- _TASK TO COMPLETE_
Working from the records below, repeat exactly the lines starting at the line that contains "上陽(蘇州)紙器包裝有限公司是一家有著4" and ending at the line that contains "3 April 2018;", inclusive.
-- RECORDS PROVIDED follows --
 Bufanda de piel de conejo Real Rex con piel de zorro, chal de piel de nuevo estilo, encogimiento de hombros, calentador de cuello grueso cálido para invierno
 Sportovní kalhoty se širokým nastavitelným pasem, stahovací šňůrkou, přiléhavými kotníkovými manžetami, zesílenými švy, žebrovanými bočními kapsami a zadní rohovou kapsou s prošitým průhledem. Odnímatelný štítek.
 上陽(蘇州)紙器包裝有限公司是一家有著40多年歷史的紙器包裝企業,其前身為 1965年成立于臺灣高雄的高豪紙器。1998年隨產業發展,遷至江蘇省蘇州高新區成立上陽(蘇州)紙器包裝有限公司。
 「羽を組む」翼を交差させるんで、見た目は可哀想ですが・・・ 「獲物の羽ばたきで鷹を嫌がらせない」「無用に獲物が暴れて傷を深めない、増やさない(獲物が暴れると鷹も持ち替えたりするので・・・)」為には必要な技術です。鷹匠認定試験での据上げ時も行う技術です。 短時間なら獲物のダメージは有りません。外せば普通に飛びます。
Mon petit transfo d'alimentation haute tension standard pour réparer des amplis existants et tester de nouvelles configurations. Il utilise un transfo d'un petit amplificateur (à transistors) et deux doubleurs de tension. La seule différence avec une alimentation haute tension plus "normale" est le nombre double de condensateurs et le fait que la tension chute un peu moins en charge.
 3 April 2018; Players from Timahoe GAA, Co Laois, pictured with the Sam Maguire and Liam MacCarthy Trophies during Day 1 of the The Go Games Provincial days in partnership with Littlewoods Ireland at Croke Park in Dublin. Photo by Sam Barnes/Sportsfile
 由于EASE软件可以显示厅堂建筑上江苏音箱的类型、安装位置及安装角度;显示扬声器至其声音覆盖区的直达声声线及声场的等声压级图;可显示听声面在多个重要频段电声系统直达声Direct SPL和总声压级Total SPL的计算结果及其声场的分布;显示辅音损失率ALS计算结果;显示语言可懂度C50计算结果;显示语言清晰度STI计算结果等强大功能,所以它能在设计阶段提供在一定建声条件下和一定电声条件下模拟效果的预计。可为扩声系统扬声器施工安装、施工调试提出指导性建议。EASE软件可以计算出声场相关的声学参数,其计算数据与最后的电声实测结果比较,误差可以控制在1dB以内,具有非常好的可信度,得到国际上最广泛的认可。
-- RECORDS PROVIDED concluded --
-- RECORDS PROVIDED follows --
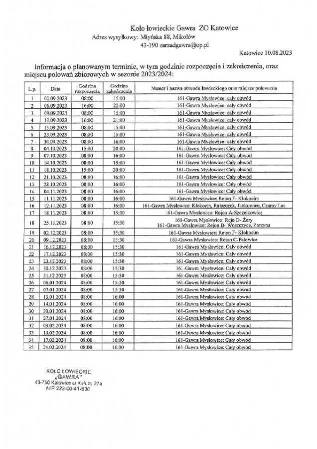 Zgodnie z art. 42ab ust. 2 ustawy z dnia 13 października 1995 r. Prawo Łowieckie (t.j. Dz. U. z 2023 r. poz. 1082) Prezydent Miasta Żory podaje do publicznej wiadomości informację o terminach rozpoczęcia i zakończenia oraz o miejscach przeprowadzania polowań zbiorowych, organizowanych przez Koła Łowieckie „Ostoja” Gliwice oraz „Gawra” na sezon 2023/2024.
-- RECORDS PROVIDED concluded --
- _RESULT OF THE TASK_
 上陽(蘇州)紙器包裝有限公司是一家有著40多年歷史的紙器包裝企業,其前身為 1965年成立于臺灣高雄的高豪紙器。1998年隨產業發展,遷至江蘇省蘇州高新區成立上陽(蘇州)紙器包裝有限公司。
 「羽を組む」翼を交差させるんで、見た目は可哀想ですが・・・ 「獲物の羽ばたきで鷹を嫌がらせない」「無用に獲物が暴れて傷を深めない、増やさない(獲物が暴れると鷹も持ち替えたりするので・・・)」為には必要な技術です。鷹匠認定試験での据上げ時も行う技術です。 短時間なら獲物のダメージは有りません。外せば普通に飛びます。
Mon petit transfo d'alimentation haute tension standard pour réparer des amplis existants et tester de nouvelles configurations. Il utilise un transfo d'un petit amplificateur (à transistors) et deux doubleurs de tension. La seule différence avec une alimentation haute tension plus "normale" est le nombre double de condensateurs et le fait que la tension chute un peu moins en charge.
 3 April 2018; Players from Timahoe GAA, Co Laois, pictured with the Sam Maguire and Liam MacCarthy Trophies during Day 1 of the The Go Games Provincial days in partnership with Littlewoods Ireland at Croke Park in Dublin. Photo by Sam Barnes/Sportsfile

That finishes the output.